En el río corría una brisa fresca y las luces de Georgetown y de Washington, más al sur, iban perdiendo intensidad por la niebla. El lugar tenía muchas cosas para agradar, pensó Stone sentado en la proa. Sí, mucho para agradar pero más para odiar.
—La patrullera de la policía está cerca del puente de la calle Catorce —informó Caleb—. Siguen un horario nuevo. Y vuelven a tener a los helicópteros de Seguridad Nacional sobrevolando en círculos todos los monumentos del Mall cada dos horas. Hoy en la biblioteca hemos recibido la alerta por correo electrónico.
—El nivel de amenaza se ha elevado esta mañana —informó Reuben—. Unos amigos míos que entienden de esto dicen que no es más que una artimaña para la campaña. El presidente Brennan enarbola la bandera del patriotismo.
Stone observó a Milton, sentado impasible en la popa.
—Hoy estás muy callado, Milton. ¿Todo bien?
Milton lo miró con expresión tímida.
—He conocido a alguien. —Todos los miraron con curiosidad—. He hecho una amiga —añadió.
Reuben le dio una palmada en el hombro.
—Así me gusta.
—Qué bien, Milton —dijo Stone—. ¿Dónde la has conocido?
—En la clínica de ansiología.
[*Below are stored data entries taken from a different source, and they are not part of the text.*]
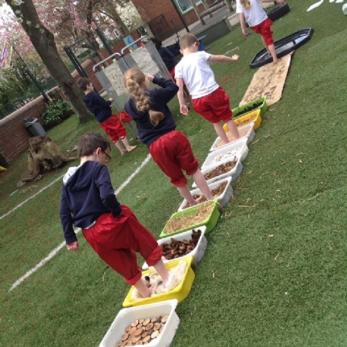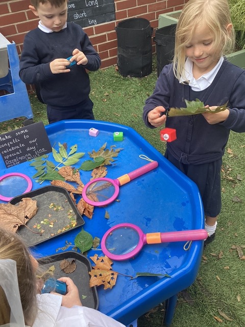 In Science lessons, we often explore and ask questions about our natural world. Here are photographs showing just some of our outdoor Science lessons. You will see examples of children observing and showing care and concern for living things and their habitats as well as children going on nature walks, visiting Stanley Nature Reserve, planting, growing and tending to our allotment areas and exploring the effects of things such as weather, light and shadows, air resistance and making water cycles.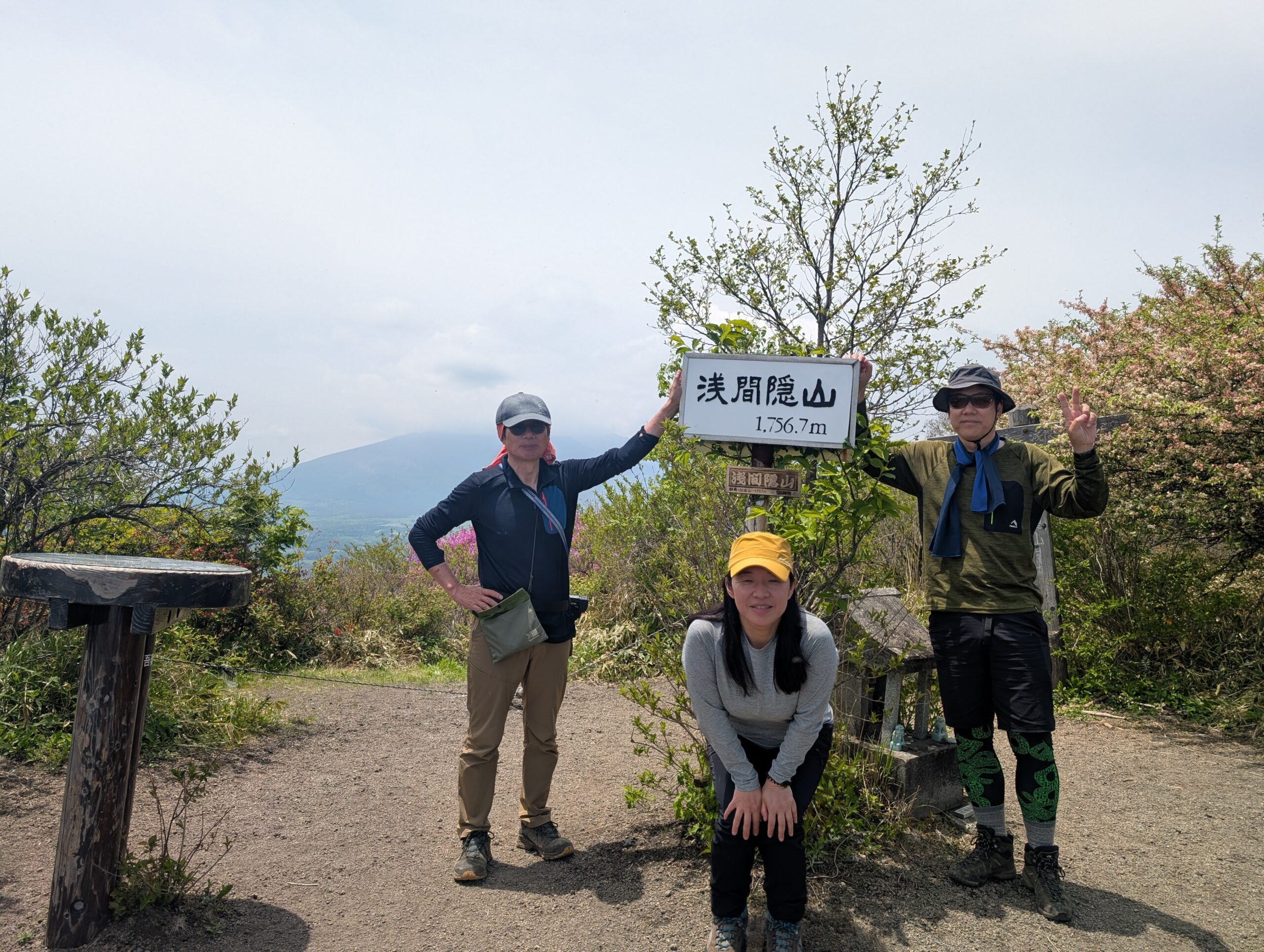 11時半、遅刻組が浅間隠山頂上に到着、ようやくメンバー3名集合、集合写真を撮って、更に30分も浅間隠山頂上に滞在、はるさんは都合2時間も頂上に釘付けに。ほんますいません🙇♂️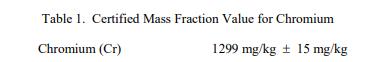 表 1 中提供了基于干質(zhì)量報(bào)告的鉻 (Cr) 認(rèn)證質(zhì)量分?jǐn)?shù)值。NIST 認(rèn)證值是 NIST 對(duì)其準(zhǔn)確性有最高置信度的值已知或可疑的偏倚來(lái)源已被調(diào)查或考慮 [1]。 Cr 的認(rèn)證值計(jì)算為方差加權(quán)平均值,基于使用 NIST [2] 標(biāo)準(zhǔn)添加方法校準(zhǔn)的電感耦合等離子體質(zhì)譜 (ICP-MS) 獲得的平均值,并提供單個(gè)結(jié)果的加權(quán)平均值由附錄 A 中列出的合作實(shí)驗(yàn)室提供。

Ella también es paciente.
—Entiendo —dijo Stone girándose.
—Pues está muy bien —añadió Caleb con tacto.
Pasaron despacio por debajo de Key Bridge manteniéndose en el centro del canal y luego siguieron el recodo del río en dirección sur. Stone agradecía que la espesa niebla los hiciera prácticamente invisibles desde la orilla. A las autoridades federales no les gustaban los intrusos. Stone oteó la orilla.
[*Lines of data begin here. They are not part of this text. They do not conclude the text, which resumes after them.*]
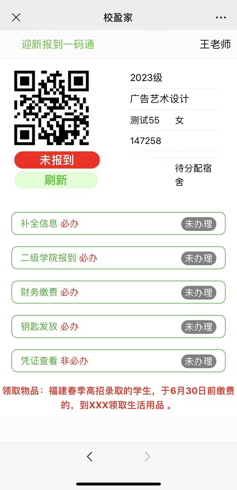 校盈家迎新报到一码通管理系统利用互联网技术与二维码应用相结合,实现了学校迎新收费智能化管理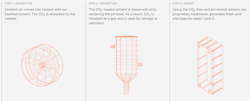 学術的な出発点はMITのFaradaic electro-swing reactive adsorption(Voskian & Hatton, 2019)で、企業としての技術ページや資料でも“電力のみでDAC/排ガス双方に対応”を標榜。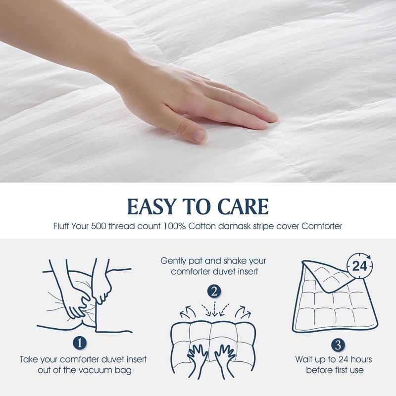 - 【Machine Washable】Machine washable (in cold water), no shrinkage or fade which saves you a lot of time and energy. Tumble dry on low heat.And another tips,since the down comforter is vacuum packed, it is recommended to spread it for 24 hours and pat or shake gently by holding each end to keep the filling evenly distributed. This increases airflow and helps stop the clumping.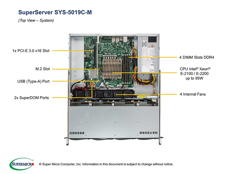 | Processor - CPU | Single Socket H4 (LGA 1151), CPU TDP support up to 95W Support Intel® Xeon® processor E-2100 / E-2200 series, 8th/9th Gen. Intel® Core™ i3 / Pentium® / Celeron® Processors |
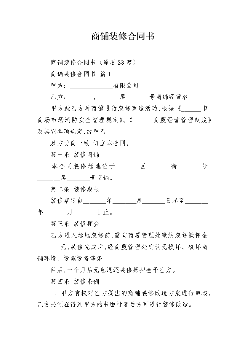 商铺装修合同书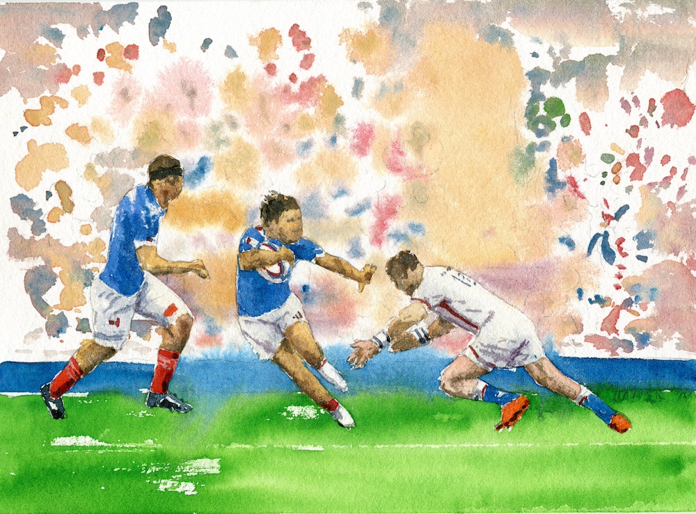 Dans cette aquarelle vibrante, le mouvement devient émotion. Trois joueurs s’élancent dans un même souffle, suspendus entre tension et grâce, comme figés au cœur d’une seconde décisive. Les couleurs éclatées de l’arrière-plan évoquent la clameur invisible du public tandis que la pelouse, fraîche et lumineuse, ancre la scène dans la réalité du jeu.

—Un poco a la derecha, Reuben.
—La próxima vez mejor que nos reunamos en el Lincoln Memorial. Así tendré que sudar menos —se quejó el hombretón mientras resoplaba sin dejar de remar.
El bote rodeó la parte occidental de la isla y entró en una pequeña franja de agua que recibía el oportuno nombre de Pequeño Canal. La zona estaba tan aislada que parecía mentira que hacía sólo unos minutos hubieran atisbado la cúpula del Capitolio.
Desembarcaron y arrastraron el bote hasta los matorrales. Mientras los hombres caminaban por el bosque hacia el sendero principal, Oliver Stone se movía con más brío del normal. Aquella noche tenía que conseguir muchas cosas.